_Task item_: Taking the line that contains "Horizontální vzduchové komory" as the start and the last line of the data as the end, repeat exactly every line in that span, but no pictures.

_Data section_:
"""
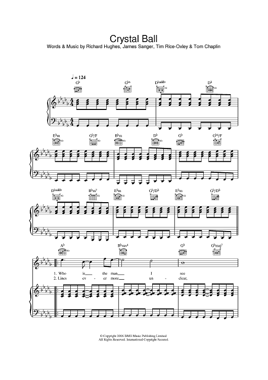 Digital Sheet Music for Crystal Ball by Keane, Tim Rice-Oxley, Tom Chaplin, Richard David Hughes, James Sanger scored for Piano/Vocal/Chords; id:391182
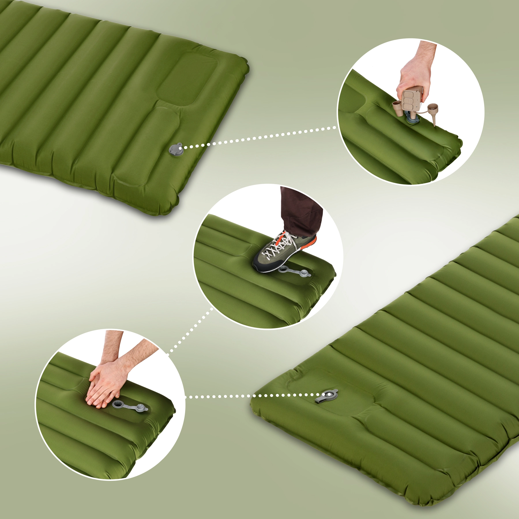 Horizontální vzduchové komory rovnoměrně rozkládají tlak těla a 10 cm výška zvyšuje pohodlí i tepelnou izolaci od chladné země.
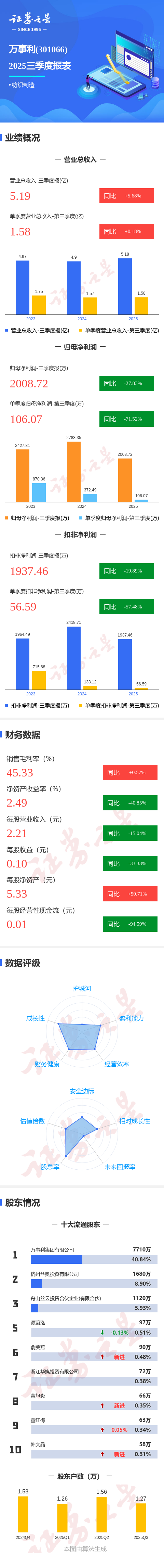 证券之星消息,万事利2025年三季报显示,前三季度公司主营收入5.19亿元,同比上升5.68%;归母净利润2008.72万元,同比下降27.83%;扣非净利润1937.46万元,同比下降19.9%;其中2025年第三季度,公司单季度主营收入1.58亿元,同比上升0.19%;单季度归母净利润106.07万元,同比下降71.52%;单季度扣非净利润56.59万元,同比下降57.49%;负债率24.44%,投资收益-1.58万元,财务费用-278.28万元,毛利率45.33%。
"""
_Answer to this task_:
 Horizontální vzduchové komory rovnoměrně rozkládají tlak těla a 10 cm výška zvyšuje pohodlí i tepelnou izolaci od chladné země.
 证券之星消息,万事利2025年三季报显示,前三季度公司主营收入5.19亿元,同比上升5.68%;归母净利润2008.72万元,同比下降27.83%;扣非净利润1937.46万元,同比下降19.9%;其中2025年第三季度,公司单季度主营收入1.58亿元,同比上升0.19%;单季度归母净利润106.07万元,同比下降71.52%;单季度扣非净利润56.59万元,同比下降57.49%;负债率24.44%,投资收益-1.58万元,财务费用-278.28万元,毛利率45.33%。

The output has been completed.